This came to mind while
I was reading the "last testament" of the writer
George MacDonald Fraser, who
died January 2. Fraser was 82 when he died, and
quite out of tune with the Britain where he had been
born and spent most of his life. Fraser wrote a great
many books, both fiction and nonfiction, but he is best
remembered for
the Flashman series of comic-historical
novels.
The "testament"—you
can read it
here—is in fact a curmudgeon's rant, sputtering
angrily against political correctness, Dianafication
(that's the British word for "Oprahfication"),
the collapse of standards, "the stifling tyranny of a
liberal establishment, determined to impose its views",
and political parties ("inventions of the devil")
etc.
(Amusing to see Fraser
say that "My favorite prime minister was
Sir Alec Douglas-Home, not because he was on the
Right, but because he spent a year in office without, on
his own admission, doing a damned thing." The U.S.A.
has been blessed with a
number of Presidents who likewise clove to the
wu wei principle. We had, for example, Ronald
Reagan, inspiration for the quip that saying "I have
slept with the President" meant you had attended
cabinet meetings. We also had
Calvin Coolidge, of whom
Will Rogers said: "He didn't do anything, but
that's what the people wanted done."
Ron Paul would be another in this illustrious line
of presidential snoozers, if we can somehow get him
elected. All these men know/knew, of course, that there
are
times when it is
necessary for the Executive to act. It is only that
they set the word "necessary" behind a high bar.)
Naturally I read
Fraser’s rant with great enjoyment. I did wonder at
first, though, if Fraser hadn't perhaps over-egged the
pudding. Take this passage, for example:
“[The
present generation] regard themselves as a completely
liberated society when in fact they are less free than
any generation since the Middle Ages. Indeed, there may
never have been such an enslaved generation, in thrall
to hang-ups, taboos, restrictions and oppressions
unknown to their ancestors … We were freer by far 50
years ago—yes, even with conscription, censorship,
direction of labor, rationing, and shortages of
everything that nowadays is regarded as essential to
enjoyment. We still had liberty beyond modern
understanding because we had
other freedoms, the really important ones, that are
denied to the youth of today. We could say what we
liked; they can't. We were
not subject to the aggressive pressure of
special-interest minority groups; they are. We had
no worries about race or sexual orientation; they have.

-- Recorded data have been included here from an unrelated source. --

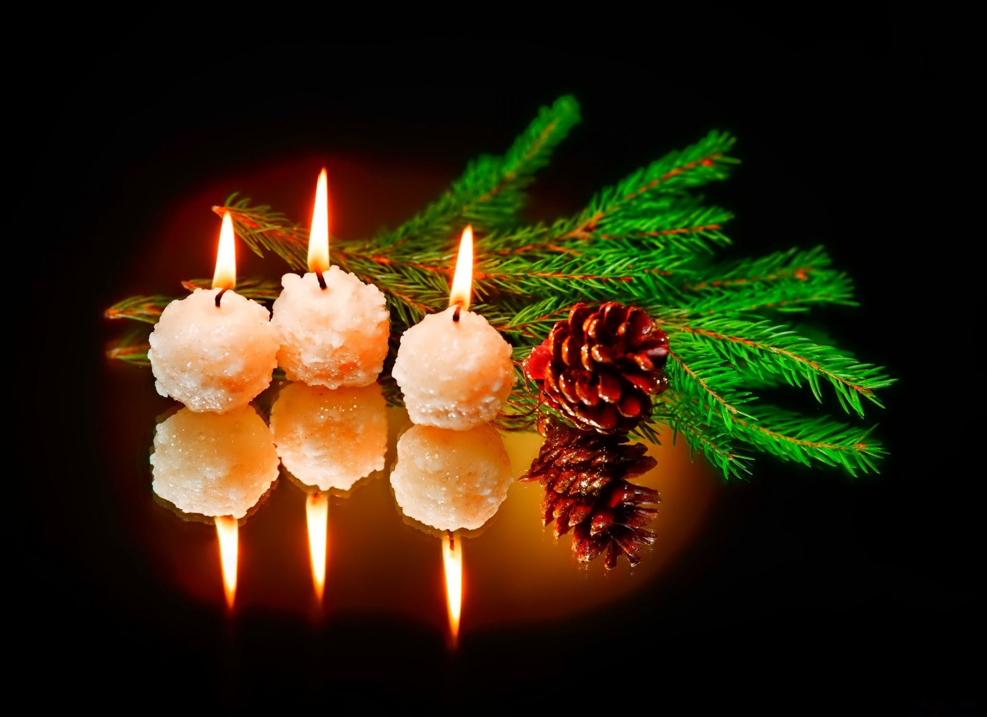 Velas de Navidad con rama de árbol de Navidad y cono de pino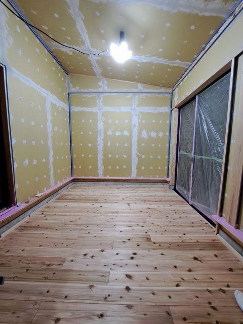 小さな小屋の制作③内部造作♪ 2025年2月10日 壁、天井に石膏ボードを張ります。 今回は、吉野石膏のCトップ材を壁仕上げとします。 <石膏ボード下地の様子> 床材は、杉の無垢フローリングです。 杉の床材は、断熱性能と調湿性能に優れている材料です。 また、暖かみある木の香りもとても良いですね。 <杉のフローリング張りの様子> 現在位置 ホーム ブログ 小さな小屋の制作③内部造作♪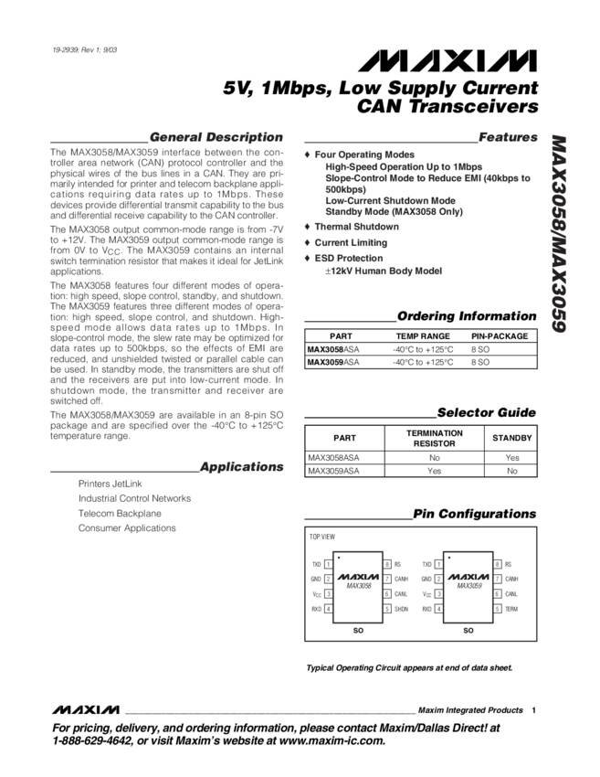 MAX3059 5V, 1Mbps, Low-Supply Current, CAN Transceiver, Internal Switch Terminaiton Resistor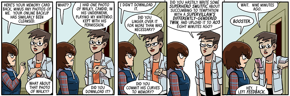 2. It’s not just the time to scrub a memory card, but also find and cleanse the online backup. Depending on how sophisticated Booster’s service’s security is, and how zealously Amber opted to go after the additional copies Booster made of it in the meantime, I could imagine this fan fiction may have even made it up to a few thousand words.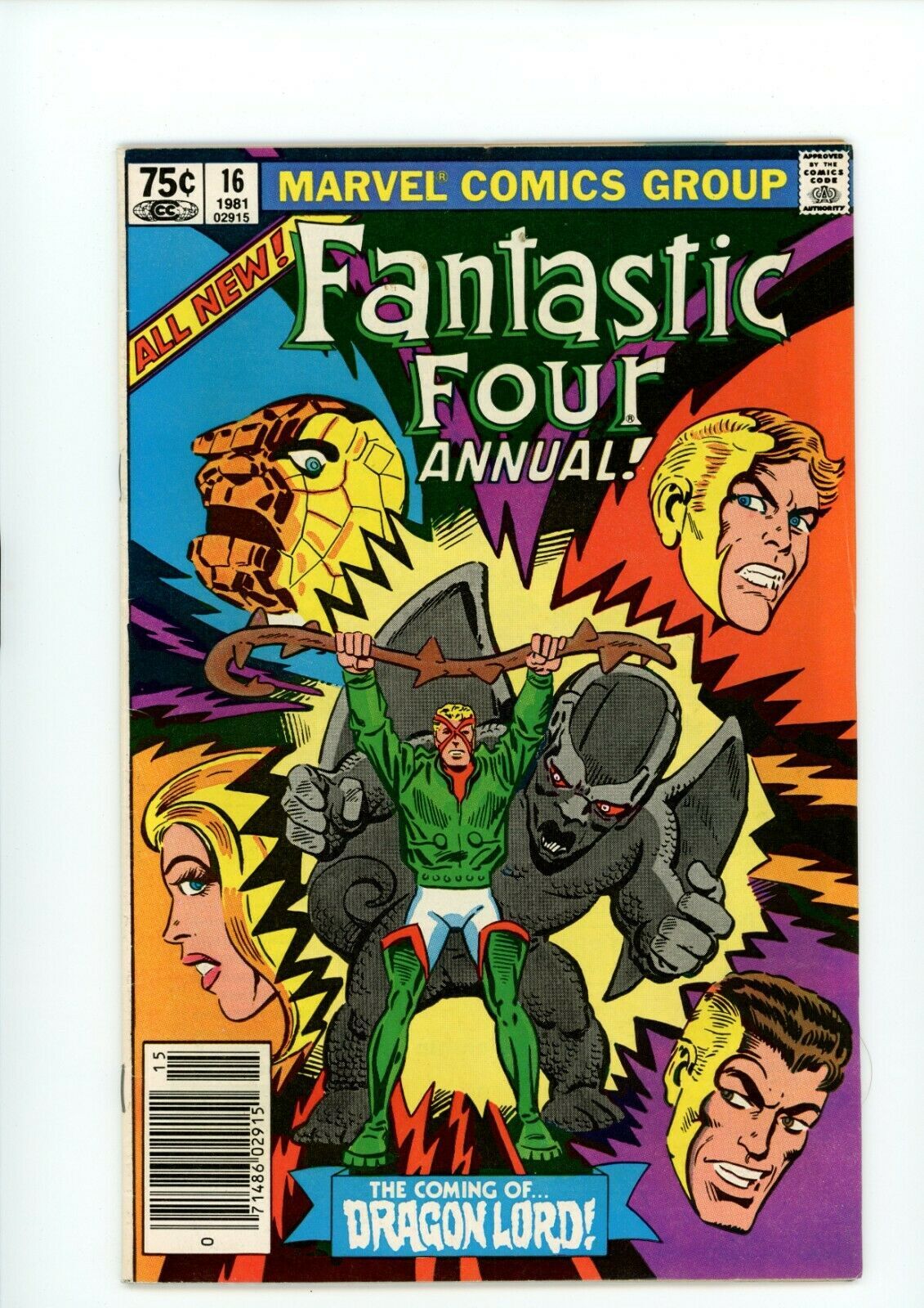 FANTASTIC FOUR ANNUAL #16 (7.5) DITKO WORK!! 1981Size: 7" x 10"This item was uploaded by RV.WE COMBINE SHIPPING!!! Either wait for us to send you an invoice after you commit to buy or, if it makes you pay right away, message us back and we'll refund the excess charge. Buy as many single comic books as you want for one low flat shipping rate in the United States! International will be charged exact according to size and weight. If you have any specific questions or requests, please ask us prior to ordering and we'll get back to you as soon as we can. If there are any problems with your order whatsoever, please message us before leaving feedback and we'll be happy to work with you to fix the situation! We ship worldwide, combine purchases, and charge exact shipping. The price may vary based on size, weight, and location. If you are automatically overcharged for shipping, message us and we'll be happy to revise the invoice or refund you the excess amount. If you have any questions regarding shipping, please message us. International Buyers - Please Note: Import duties, taxes, and charges are not included in the item price or shipping cost. These charges are the buyer's responsibility. Please check with your country's customs office to determine what these additional costs will be prior to bidding or buying. Payment can be made by PayPal and credit cards directly. 120,000+ items in total in my Hip store! Frequently Asked Questions: When are your operation hours?Our in office hours are Monday - Friday, 11 am - 8 pm. We are not open on weekends, so if you send us a request on Friday evening we won't get back to you until Monday afternoon. Please don't take it as us ignoring you! We will work on your request Monday and get back to you as soon as we can. Also, if you order from us on a Friday evening or Saturday morning we won't start processing your order until we open on Monday. That means on Monday it will be pulled and prepped for shipping, then picked up by the postman on Tuesday morning.When will you ship my item? The tracking hasn't moved.We realize you're eager to get your item, so if the tracking hasn't moved in a few days please don't be concerned. We give the postman a lot of packages daily, sometimes as many as 100, so he does not scan each item for us upon pickup as he says it would be too time consuming for him to do so. If you get a tracking number from us, that almost always means your item was picked up by the postman the next business day. The USPS is also imperfect. There are times when the tracking won't even show movement until it's in your area's regional distribution center. This is normal in our experience. Is the item pictured the exact one for sale?Yes! We don't use stock images and go through great lengths to scan or photograph everything we list. The item pictured is exactly what you should receive UNLESS it is a fixed price listing with multiple items available. Can you issue a COA? We can, upon request. Please make sure you leave us a note while checking out and shoot us a message immediately after requesting one, just to be sure. How do you grade?Grading is very subjective, but we are professionals with decades of grading experience between us who try the best we can to accurately describe the condition of the items we list. Anthony is an Overstreet Comic Book Price Guide Advisor Please see the grading chart below for a breakdown of how we grade: NOTE: We don't grade any raw books higher than 9.2, as once you go higher than that grading gets really subjective. If you buy a NM book from us, it may very well be higher than 9.2 but we play it safe and grade conservatively. 9.2 NM Near Mint 9.0 VF/NM Very Fine/Near Mint 8.5 VF+ Very Fine+ 8.0 VF Very Fine 7.5 VF- Very Fine- 7.0 FN/VF Fine/Very Fine 6.5 FN+ Fine+ 6.0 FN Fine 5.5 FN- Fine- 5.0 VG/FN Very Good/Fine 4.5 VG+ Very Good+ 4.0 VG Very Good 3.5 VG- Very Good- 3.0 GD/VG Good/Very Good 2.5 GD+ Good+ 2.0 GD Good 1.8 GD- Good- 1.5 FR/GD Fair/Good 1.0 FR Fair 0.5 PR PoorHow do you ship comics? We ship in rigid cardboard mailers to protect your comic book from the worst the mail system has to offer. Price varies based on the number of books you purchase, but we try to keep costs as low as we can and charge exact shipping. If it looks unusually high to you please send us a message and we'll be happy to double check for you. Do you combine shipping? Yes, of like items. Such as: several comics can fit in one cardboard mailer, as can more than one record. Multiple art pages can easily be combined because they are light and thin. Where combined shipping differs is with size and weight. For instance, two statues require a much bigger box. Same goes for CGCs, as the package gets bigger and heavier as you go. Do you ship well? I've had some bad experiences... You needn't worry; we are professionals who value your business and want your item to arrive safely as much as you do. I have been collecting for over 30 years. I send out items the way I would like to receive them. The tracking says my item is "OUT FOR DELIVERY" in New Jersey. Why is that?If the tracking indicates that the item is "OUT FOR DELIVERY" in NJ don't worry, it's just what the tracking says when it's carried over from the postman to the sorting center. This is normal for our Post Office and will not impact you receiving your item in a timely matter.What is the difference between a RUN and a LOT?Good question. A RUN will be a collection of consecutive issues with no breaks in between them. If it says RUN of #s 1 - 50 you will receive 50 consecutive comics. A LOT will be within a certain range, so a 50pc LOT will not contain consecutive books.I changed my mind after successfully winning the auction or fixed price listing, will you cancel the transaction? Please only bid or hit BUY IT NOW if you are willing to follow through and pay for the item, we will not cancel the transaction. As a seller, Hip penalizes us every time we cancel an order, so it is detrimental 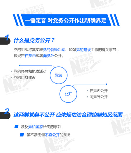 长期以来,关于什么是党务公开,理论上和实践中有一些不同观点。《条例》对此作了明确界定,即党务公开是指党的组织将其实施党的领导活动、加强党的建设工作的有关事务,按规定在党内或者向党外公开。而且《条例》还规定了除涉及党和国家秘密不得公开、依照有关规定不宜公开的事项外,一般应当公开。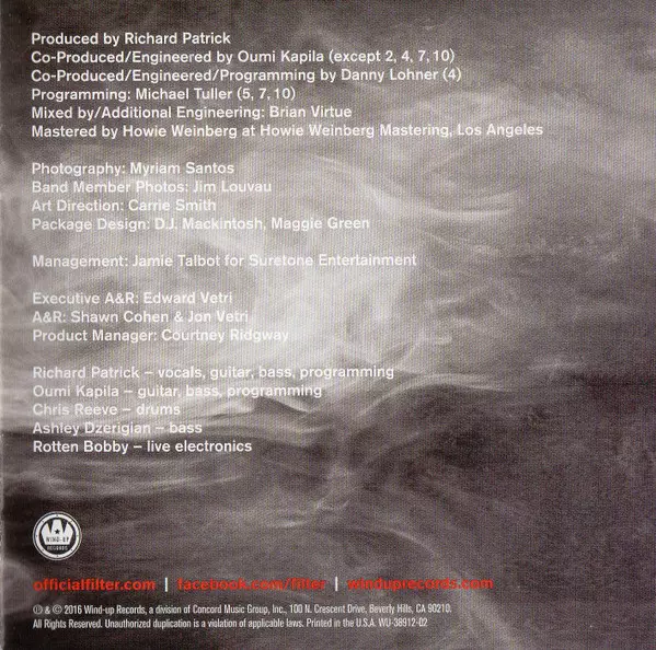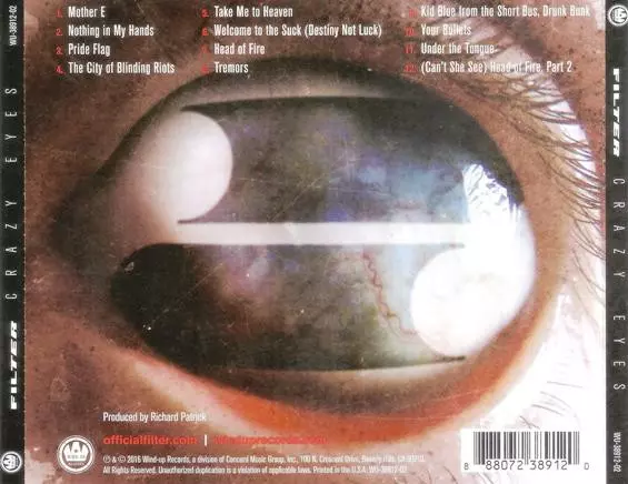 Filter: Crazy Eyes versión en CD en estándar edición. Esta edición en concreto se lanzó en EE.UU. en la editorial Wind-Up el día 22. agosto 2016. Álbum abarca todos los géneros Rock, Música electrónica y Industrial.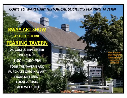 The Wareham Historical Society has partnered with the Bourne-Wareham Art Association to have an art gallery display at the Fearing Tavern every weekend during the months of August and September 2018.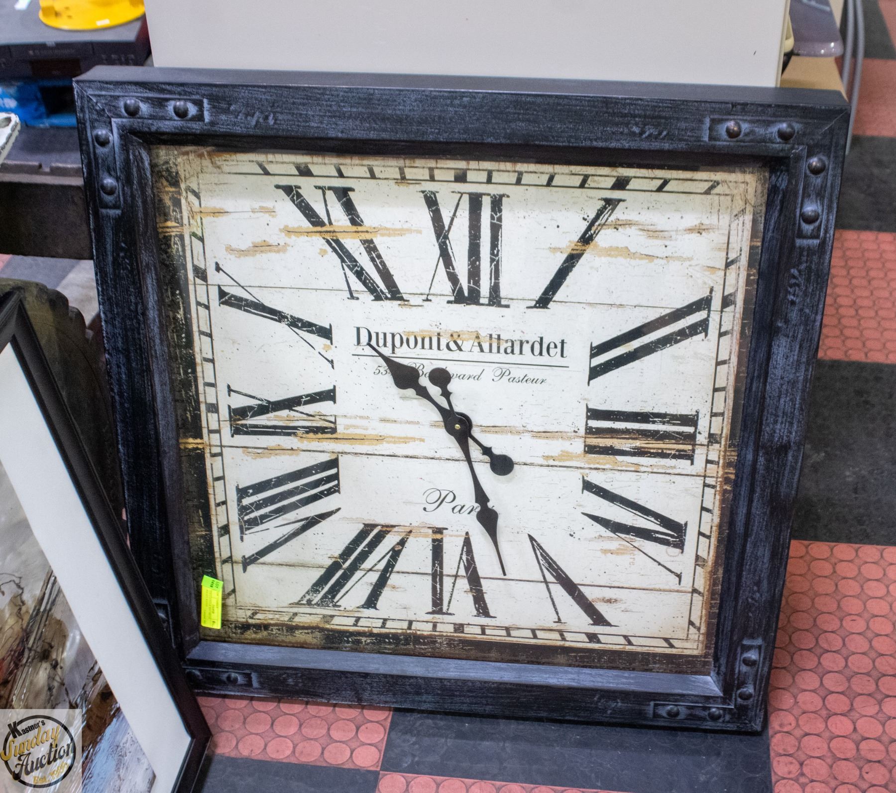 STYLE WALL CLOCK **ALL ITEMS MUST BE REMOVED BY 5PM SATURDAY, MARCH 7TH 2026. ALL REMAINING ITEMS WILL BE SUBJECT TO A $6.00 PER DAY STORAGE CHARGE. ANY ITEMS REMAINING AFTER MONDAY, MARCH 30TH 2026 WILL BE CONSIDERED FORFEITED. NO REFUNDS WILL BE ISSUED FOR FORFEITED ITEMS. TO SCHEDULE A PICK UP APPOINTMENT CLICK HERE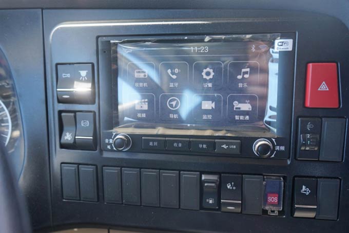 當然長途漫漫,娛樂(le) 休閑配置不能少。重汽豪瀚N5W配備了5英寸多媒體(ti) 屏幕,融合智能通、視頻監控、導航、音樂(le) 、藍牙、收音機等多功能,讓旅途不寂寞。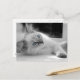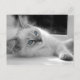 A postcard with a photo of a ragdoll kitten in black and white with a splash of colour on the eyes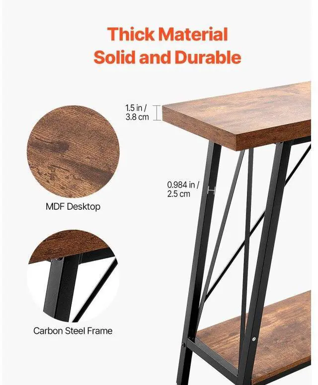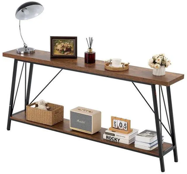 Bottom Shelf Size: 66.1 x 11.0 x 0.6 in / 168 x 28 x 1.5 cm,Number of Layers: 2 layers,Top Shelf Size: 70.9 x 11.8 x 1.5 in / 180 x 30 x 3.8 cm,Weight Capacity: 100 lbs / 45.3 kg,Foot Pads: Adjustable foot pads,Color: Brown + Black,Item Model Number: YJXXGZ-005,Frame Material: Carbon steel square tube,Frame Square Tube Size: 1.0 x 1.0 x 0.03 in / 25 x 25 x 0.8 mm,Product Dimensions: 70.9 x 11.8 x 31.5 in / 180 x 30 x 80 cm,Net Weight: 38.6 lbs / 17.75 kg,Shelf Material: MDF with melamine veneer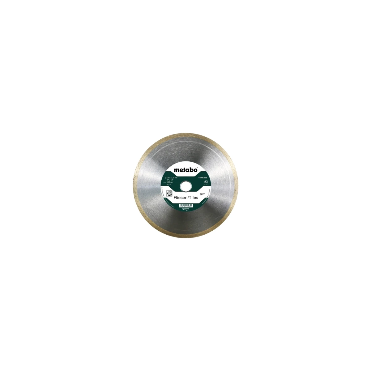 Metabo 628557000 Meule de tronçonnage diamantée standard avec bord fermé pour le tronçonnage sans éclats de pièces avec des surfaces de haute qualité comme le carrelage, les dalles en pierre naturelle.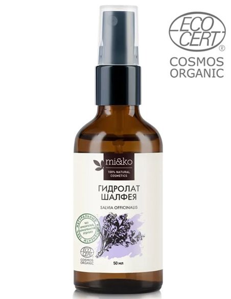 Ингредиенты: Гидролат шалфея COSMOS ORGANIC, сертифицирован Ecocert Greenlife в соответствии со стандартом COSMOS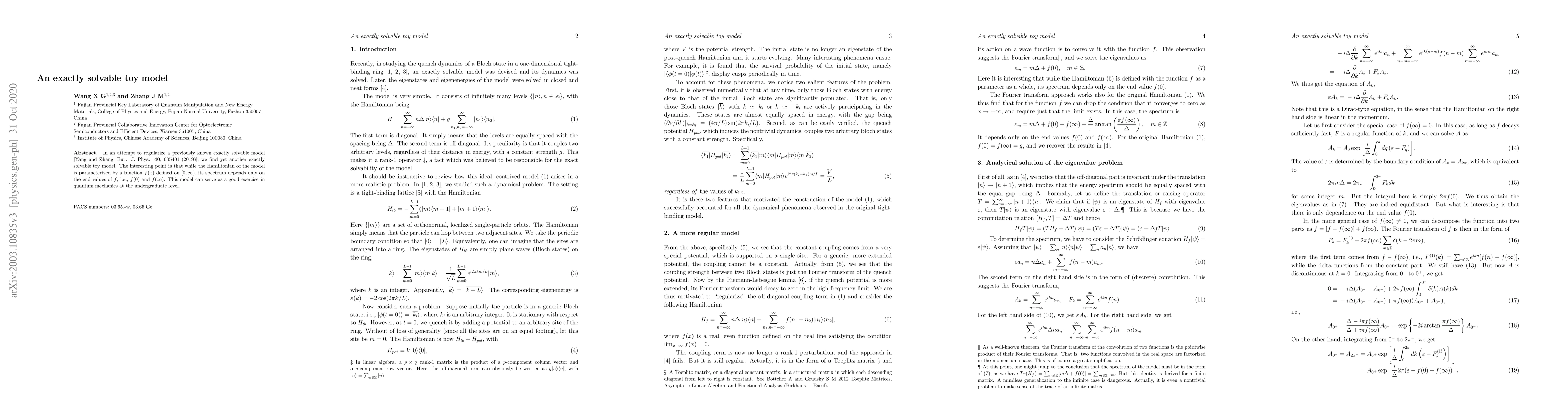 In an attempt to regularize a previously known exactly solvable model [Yang and Zhang, Eur. J. Phys. \textbf{40}, 035401 (2019)], we find yet another exactly solvable toy model. The interesting point is that while the Hamiltonian of the model is parameterized by a function $f(x)$ defined on $[0, \infty )$, its spectrum depends only on the end values of $f$, i.e., $f(0)$ and $f(\infty )$. This model can serve as a good exercise in quantum mechanics at the undergraduate level.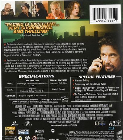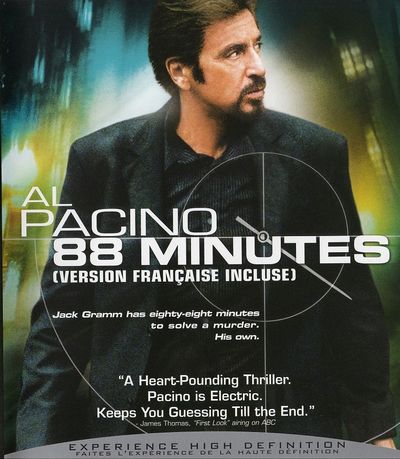 Al Pacino stars in this riveting thriller about a forensic psychiatrist who receives a phone call threatening that he has only 88 minutes to live. As the clock ticks away, tension mounts, suspicions rise and blood flows. With a serial killer he helped convict awaiting execution and a copycat killer on the loose, Jack Gramm has 88 Minutes to solve the biggest murder of his career: his own.---Al Pacino tient la vedette de cette intrigue captivante où un psychologue du département médicolégal reçoit des menaces au téléphone, tipulant qu'il ne lui reste que 88 minutes à vivre. Tandis que le temps file, la tension monte, les soupçons augmentent et le sang coule à flots. Coincé entre un tueur en série qu'il a fait condamner à mort et un meurtrier copieur en liberté, Jack Gramm a 88 minutes pour résoudre le crime le plus important de sa carrière: le sien. |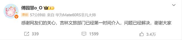 2月17日10时56分,傅园慧再次发文:感谢网友们的关心,吉林文旅部门已经第一时间介入,问题已经解决,谢谢大家 。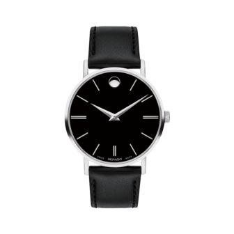 Movado Classic Museum, Gents. 40mm Stainless Steel Case. Black dial with silver dot & Silver Markers. 21mm Black calfskin Strap. Tongue Buckle. Sapphire crystal. Water resistant to 99 feet. 2 Year limited warranty.

We could, and did, differ from fashionable opinion with
impunity, and would have laughed PC to scorn, had our
society been weak and stupid enough to let it exist.
Is that actually all
true? Liberty-wise, surely not having
conscription and
censorship beats having them.
Sure, you can play some
libertarian games here. How much of my
time is the government "conscripting," by way
of
income taxes, to support the current non-conscript,
military establishment…etc., etc. I still think that
today we come out ahead on these points.
Let's grant Fraser some
poetic license, though, and ask: Are we ahead net-net on
liberty over our fathers and grandfathers?
My mulling over the
"testament" had just about reached that point when I
saw
Mark Steyn's post on The Corner, linking to
the videos Ezra Levant has been posting, of his
(Ezra's) interrogations by Canada's totalitarian
"Human Rights Commission." Levant has been
dragged before this horrible "Commission" for
having published the
Danish cartoons mocking
Mohammed in the
Western Standard,
a paper he edited, two years ago. The bureaucrat
Levant is confronting across the interrogation table is
particularly keen to probe Levant's intentions.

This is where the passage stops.